The father of Tina Frost, the Maryland native who was shot during the Las Vegas massacre, says he is grateful she's home for the holidays.

"It is a Christmas miracle," Rich Frost told News4.

Tina Frost is receiving outpatient care while she's home with her family in Anne Arundel County.

"It’s a struggle. It’s an adjustment because she has to get used to non-hospital life and she's not ready to be out in public," Rich Frost said Thursday night at a fundraiser for his daughter at Grotto Pizza in Gambrills, Maryland.

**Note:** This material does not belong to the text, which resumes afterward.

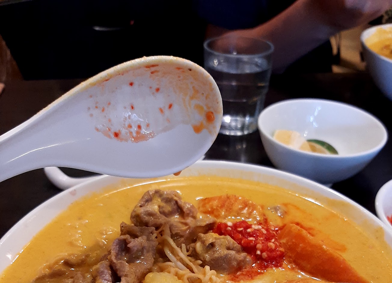 清手機照片,看到2021年5月疫情前的咖哩牛肉麵,還記當下感覺就是甜甜甜甜有的南洋味,然後第二印象是吃很飽。朋友則是說,陪老婆到醫院,順便吃過,那次是二訪,但我覺好甜啊,而且在一間在醫院對面生意非常好、桌子擦不乾淨的食館吃飯,算是南洋甜吃飽系食物,馬鈴薯、紅蘿蔔、肉很多,但太甜我不愛

"She had a good day today, so that’s always a plus," he said.

Tina "will have several days off from all of the doctors, nurses, therapists, dieticians, technicians and everyone else who knocks on her door 'every five minutes,'” her family said earlier in the week on a GoFundMe page that has raised more than $600,000 for Frost.

She was among the hundreds of people shot at a concert in Las Vegas Oct. 1. The attack was the deadliest mass shooting in modern U.S. history, killing 58 people and injuring more than 500.

Frost’s boyfriend carried her from the scene of the shooting to a truck. The truck’s driver rushed Frost to a hospital, where doctors had to remove a bullet, which was lodged into her right eye, to save her life.

Since the shooting, Frost has been trying to redevelop her motor skills -- practicing throwing and kicking a rubber ball, baking cookies and painting her eye patch. She took her first steps since the shooting about a month ago.

She moved to the rehabilitation center from Johns Hopkins Nov. 28. Frost's boyfriend picked her up there Friday.